Our perceptions are changing. The inventions, the tools, the techniques follow a parallel path to these ideas. Photography is such a representation of our times. This avatar of our times has broken the boundaries of our experience, it has immersed itself into the fine arts. Similarly, this advent of photography has injected new energy into other contemporary fields of learning. The visual divides of a canvas are no longer a threat to the painter, rather she has learnt to incorporate it into her visual language. Her frame can now be invaded by peripheral objects that interject, exude, linger at the edges. The snapshot aesthetic has been appropriated into her language. What is interesting is that such visual grammar was in use even before photography was invented. Perhaps this was a pre-visualisation of photographic forms in our minds. It manifests itself in woodcuts. Perhaps the impressionists were inspired by Japanese printmakers in the same way that the visual truncation of photography has influenced other visual artists.

In the early days, photography was perceived as a threat by painters, but instead they have gained a new independence and a different visual grammar. It was the impressionists that led the way to this change. The aspects of photography that were trapped within the accepted norms of painting have also found new freedoms. The techniques of dissemination, as well as the specificities of production have become modes of expression for the artist. Freed of the rigidities of material taboos, there is a new democratization in the arts. The modes of production have opened new doors. There was a time when artists followed pre-determined layouts or set ideas which were enacted in the studio. Now they migrate to the open, letting their experiences guide their artistic rendering. No longer does their art work need to conform to a fixed visual straightjacket. The acceptance of this uncertainty has been liberating. The edges are now blurred. The brush has taken on new forms. The ability to freeze fleeting moments, has led to time and timelessness becoming elements of construction. The appropriation of photography has led to a modernization of the arts.
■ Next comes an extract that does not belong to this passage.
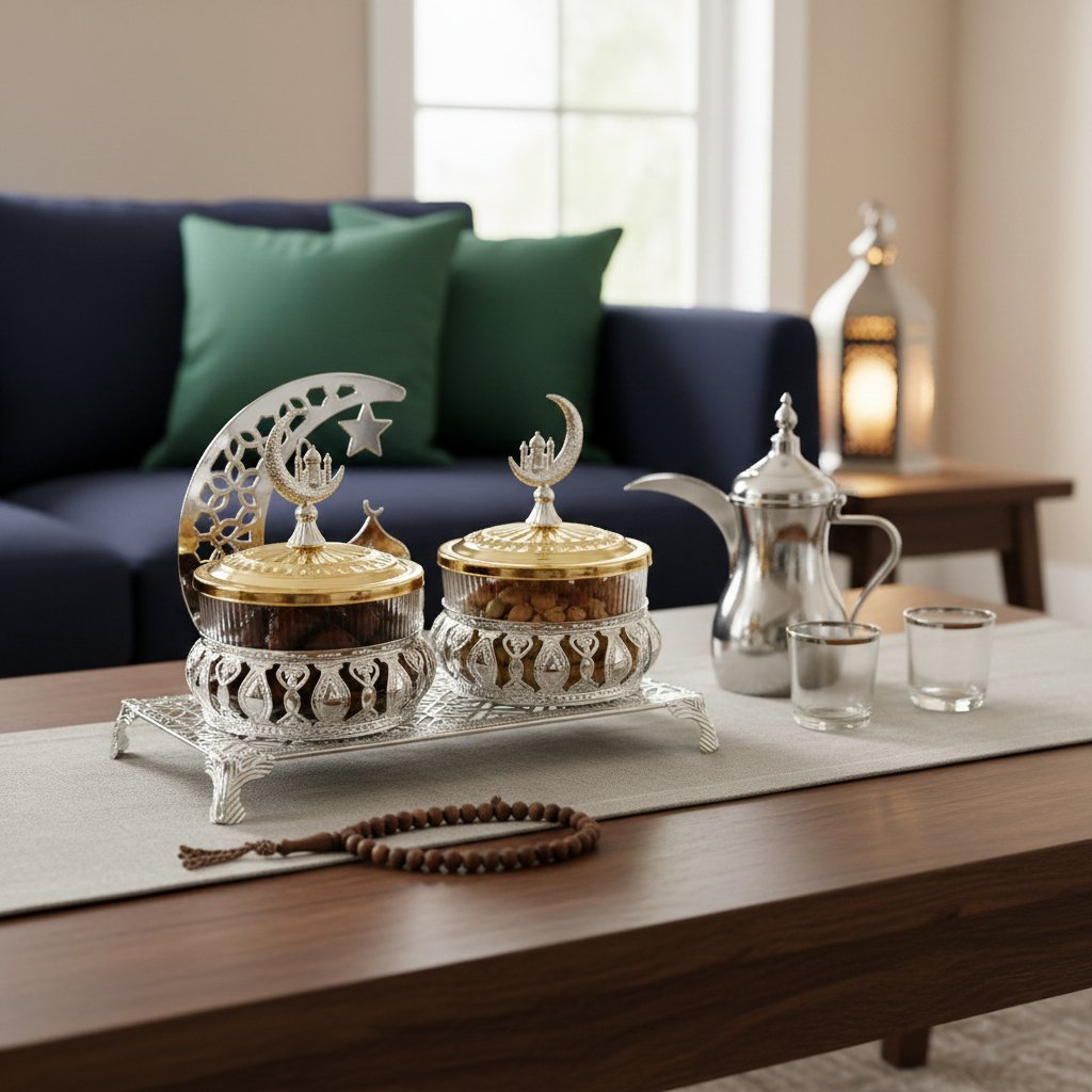 Ramadan Crescent & Star Decorative Dates Serving Set is an elegant table centerpiece featuring a laser-cut silver metal stand with a crescent moon and star motif. The set includes two clear glass jars with intricate silver filigree bases and gold-finished lids topped with crescent-mosque finials. It is designed for serving dates, nuts, or sweets during Iftar or Eid celebrations, combining spiritual symbolism with luxury hospitality.

Photography has become a vital ingredient not only of visual arts, but of visual culture. But art critics and intellectuals have raised questions about the creativity and aesthetic validity of the medium. However it was in 1859 when photography held its own space in the Paris Annual Art Exhibition. A few years later in 1863, after a few legal skirmishes, photography was officially recognized as an art form by the French government.

While painting has been influenced by photography through seen and unseen ways, photography too has gained through the discipline of the visual arts. The pictorial syntax of painting has evolved over time. Many consider photography to have a ?pictorial syntax without a syntax?. There are others who think photography is a literal rendering rather than a representation of reality. That it is a receptacle for reality, and can hold no more than what is visually obvious. That it does not have the independence that other visual art forms have. These questions about the validity of photography as an art form have now lost relevance. What a photograph holds depends upon who, when, where and how, it is presented and contextualised. The postscript film ?Letter to Jane? (1972) directed by Jean-Luc Godard and Jean-Pierre Gorin, is a back-and-forth narration by both Godard and Gorin. The Hollywood actress Jane Fonda had gone to Hanoi during the Vietnam war. A photo of her was printed in the French newspaper L?Express. The film serves as a 52-minute cinematic essay that deconstructs the single news photograph.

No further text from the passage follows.